Emulex Drivers Version 10.2 for Linux User Manual
P010081-01A Rev. A
3. Configuration
Network Performance Tuning
868
Network Performance Tuning
Memory Bandwidth Considerations
The availability of higher memory bandwidth leads to better network performance.
The following sections describe how memory bandwidth can be increased.
Enabling Optimal Bandwidth Options
Most computers offer multiple distinct memory channels, or memory interleaves,
which may not be enabled by default. Check the manufacturer's documentation and
BIOS parameters for details on enabling optimal memory bandwidth options.
Populate DIMM Slots
Typically, all the dual in-line memory module (DIMM) slots must be populated to
make use of all the memory channels. As a general rule, using more DIMMs provides
better performance by allowing a higher degree of memory-access interleaving to
occur.
Disabling Memory Mirroring
Some servers may allow memory mirroring, where the total memory is divided in half
and each location is stored twice. This allows fault recovery if one memory location
detects an error, but it greatly reduces the perceived memory bandwidth of the system.
Consider disabling memory mirroring if it is not needed.
Using a Fast Clock Speed for the Front Side Bus (FSB)
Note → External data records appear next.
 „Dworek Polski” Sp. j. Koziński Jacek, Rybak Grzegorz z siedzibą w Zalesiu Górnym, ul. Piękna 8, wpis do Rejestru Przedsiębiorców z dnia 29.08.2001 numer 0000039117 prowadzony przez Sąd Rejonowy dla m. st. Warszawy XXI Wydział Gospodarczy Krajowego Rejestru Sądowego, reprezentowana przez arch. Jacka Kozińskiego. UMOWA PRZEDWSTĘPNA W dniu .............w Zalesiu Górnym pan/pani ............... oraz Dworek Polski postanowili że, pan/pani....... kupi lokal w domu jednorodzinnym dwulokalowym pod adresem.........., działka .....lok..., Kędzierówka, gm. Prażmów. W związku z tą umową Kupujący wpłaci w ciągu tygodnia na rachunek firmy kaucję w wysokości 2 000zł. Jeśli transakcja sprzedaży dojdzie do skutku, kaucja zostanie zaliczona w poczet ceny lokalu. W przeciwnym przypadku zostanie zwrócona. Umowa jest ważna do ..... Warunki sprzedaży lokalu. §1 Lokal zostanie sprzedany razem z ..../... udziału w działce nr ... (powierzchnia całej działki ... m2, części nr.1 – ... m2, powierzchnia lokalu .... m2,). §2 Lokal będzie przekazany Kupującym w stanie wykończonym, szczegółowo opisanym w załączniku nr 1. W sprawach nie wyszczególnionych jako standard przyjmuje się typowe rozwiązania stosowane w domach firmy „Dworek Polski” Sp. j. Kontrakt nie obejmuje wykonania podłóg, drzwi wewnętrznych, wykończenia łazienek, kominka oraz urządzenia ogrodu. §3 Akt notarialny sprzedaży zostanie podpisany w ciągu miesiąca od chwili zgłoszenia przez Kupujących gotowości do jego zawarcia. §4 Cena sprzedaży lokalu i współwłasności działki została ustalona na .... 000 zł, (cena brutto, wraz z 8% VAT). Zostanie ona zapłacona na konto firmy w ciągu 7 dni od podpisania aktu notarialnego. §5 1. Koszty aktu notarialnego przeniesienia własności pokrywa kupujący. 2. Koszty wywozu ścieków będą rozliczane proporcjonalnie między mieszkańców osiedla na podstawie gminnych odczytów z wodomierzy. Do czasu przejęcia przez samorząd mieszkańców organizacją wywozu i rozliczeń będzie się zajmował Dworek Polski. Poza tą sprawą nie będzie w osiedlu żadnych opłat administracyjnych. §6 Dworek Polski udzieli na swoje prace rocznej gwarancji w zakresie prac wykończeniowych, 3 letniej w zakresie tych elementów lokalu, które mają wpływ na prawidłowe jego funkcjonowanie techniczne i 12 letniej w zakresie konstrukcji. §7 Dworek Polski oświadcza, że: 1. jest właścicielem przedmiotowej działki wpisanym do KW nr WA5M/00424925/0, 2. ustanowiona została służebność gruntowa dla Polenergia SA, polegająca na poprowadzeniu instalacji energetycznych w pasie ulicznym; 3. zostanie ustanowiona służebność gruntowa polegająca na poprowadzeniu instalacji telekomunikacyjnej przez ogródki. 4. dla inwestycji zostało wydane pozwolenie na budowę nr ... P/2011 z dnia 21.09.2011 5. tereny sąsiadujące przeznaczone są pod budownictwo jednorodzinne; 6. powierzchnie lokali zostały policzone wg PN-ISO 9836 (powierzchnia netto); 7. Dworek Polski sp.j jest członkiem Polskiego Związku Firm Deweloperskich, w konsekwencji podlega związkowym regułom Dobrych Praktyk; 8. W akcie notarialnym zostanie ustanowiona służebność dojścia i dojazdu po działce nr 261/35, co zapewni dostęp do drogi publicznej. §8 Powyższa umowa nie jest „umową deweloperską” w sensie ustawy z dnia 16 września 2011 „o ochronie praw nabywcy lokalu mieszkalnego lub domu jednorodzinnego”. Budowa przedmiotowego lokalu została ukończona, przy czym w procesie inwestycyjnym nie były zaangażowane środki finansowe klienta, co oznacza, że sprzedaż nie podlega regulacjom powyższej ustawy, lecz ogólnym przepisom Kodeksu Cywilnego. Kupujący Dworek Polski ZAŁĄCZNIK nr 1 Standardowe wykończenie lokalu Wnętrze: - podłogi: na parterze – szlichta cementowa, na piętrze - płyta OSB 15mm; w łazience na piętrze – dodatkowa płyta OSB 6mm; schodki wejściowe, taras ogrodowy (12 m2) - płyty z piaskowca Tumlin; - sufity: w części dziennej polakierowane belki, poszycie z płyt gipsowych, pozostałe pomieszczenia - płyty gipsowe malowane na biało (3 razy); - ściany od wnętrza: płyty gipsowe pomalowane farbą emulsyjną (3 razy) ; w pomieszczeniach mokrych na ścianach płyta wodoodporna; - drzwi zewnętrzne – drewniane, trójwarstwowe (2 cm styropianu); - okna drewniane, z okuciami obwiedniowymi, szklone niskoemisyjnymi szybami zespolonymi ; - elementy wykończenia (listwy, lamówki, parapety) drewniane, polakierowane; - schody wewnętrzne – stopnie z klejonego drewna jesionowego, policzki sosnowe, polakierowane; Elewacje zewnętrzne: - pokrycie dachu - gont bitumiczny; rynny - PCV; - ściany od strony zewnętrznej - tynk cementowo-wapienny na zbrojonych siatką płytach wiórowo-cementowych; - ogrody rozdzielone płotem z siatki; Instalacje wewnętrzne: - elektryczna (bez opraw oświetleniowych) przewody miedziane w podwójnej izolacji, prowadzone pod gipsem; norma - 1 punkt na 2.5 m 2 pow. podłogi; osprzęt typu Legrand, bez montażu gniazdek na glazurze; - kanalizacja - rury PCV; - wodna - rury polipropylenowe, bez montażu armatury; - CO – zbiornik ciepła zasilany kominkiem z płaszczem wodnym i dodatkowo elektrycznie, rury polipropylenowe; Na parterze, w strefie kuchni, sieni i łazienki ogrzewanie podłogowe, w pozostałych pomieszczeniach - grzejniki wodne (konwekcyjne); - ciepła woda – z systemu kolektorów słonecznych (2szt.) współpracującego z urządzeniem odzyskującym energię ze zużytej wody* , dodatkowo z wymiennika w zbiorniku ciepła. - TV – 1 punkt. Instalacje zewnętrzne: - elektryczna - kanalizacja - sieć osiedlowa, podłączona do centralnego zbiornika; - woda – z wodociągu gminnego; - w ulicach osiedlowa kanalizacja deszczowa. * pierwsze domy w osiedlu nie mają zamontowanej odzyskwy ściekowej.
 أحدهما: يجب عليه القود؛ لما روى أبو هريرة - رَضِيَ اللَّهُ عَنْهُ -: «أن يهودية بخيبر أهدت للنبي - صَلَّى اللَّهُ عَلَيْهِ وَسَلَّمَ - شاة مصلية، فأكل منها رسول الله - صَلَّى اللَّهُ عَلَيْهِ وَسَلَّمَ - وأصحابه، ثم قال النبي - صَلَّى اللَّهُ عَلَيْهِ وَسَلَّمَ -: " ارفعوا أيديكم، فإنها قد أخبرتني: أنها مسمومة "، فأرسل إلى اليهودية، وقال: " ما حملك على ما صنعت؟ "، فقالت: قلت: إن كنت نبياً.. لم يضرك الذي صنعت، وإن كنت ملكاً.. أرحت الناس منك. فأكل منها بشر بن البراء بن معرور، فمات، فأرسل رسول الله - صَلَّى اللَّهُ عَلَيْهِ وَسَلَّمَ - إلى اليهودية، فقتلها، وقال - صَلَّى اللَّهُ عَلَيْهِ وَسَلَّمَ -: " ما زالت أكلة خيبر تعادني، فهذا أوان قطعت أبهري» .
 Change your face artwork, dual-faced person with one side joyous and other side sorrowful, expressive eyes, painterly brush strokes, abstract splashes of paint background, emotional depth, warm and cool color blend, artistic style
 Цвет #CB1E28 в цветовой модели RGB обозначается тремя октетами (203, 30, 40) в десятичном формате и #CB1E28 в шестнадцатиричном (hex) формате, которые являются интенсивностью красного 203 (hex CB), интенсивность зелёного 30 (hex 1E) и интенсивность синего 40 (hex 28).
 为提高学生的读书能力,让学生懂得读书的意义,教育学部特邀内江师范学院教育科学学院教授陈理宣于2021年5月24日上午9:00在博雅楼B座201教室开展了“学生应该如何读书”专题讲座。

Nearly any desktop or low-end server has enough memory bandwidth for OneConnect
adapters and LPe16202 CFAs in NIC mode to support DMA at 20 Gb/s of data (10
Gb/s read, 10-Gb/s write). However, most of the memory demands come from the
processor accessing the data for either packet copies in the non-offloaded networking
stack or application accesses. All processor memory accesses use the FSB. The clock
speed of this bus is critical for allowing efficient memory bandwidth. A system with a
faster processor FSB clock speed performs better than a system with a slower FSB clock
speed.
Network Memory Limits
The default values of tunable parameters in the Linux network stack are optimal for
most network applications involving several TCP/UDP streams. The optimal size for
the network queues and buffers depend on several factors such as protocol, number of
streams (connections), request size, and application behavior. The following network
configuration settings are a good combination to get the best uni-directional transmit
and receive performance with six or more TCP connections/UDP streams:
echo 4096 87380 4194304 > /proc/sys/net/ipv4/tcp_rmem
echo 4096 16384 4194304 > /proc/sys/net/ipv4/tcp_wmem
echo 64000000 > /proc/sys/net/core/rmem_default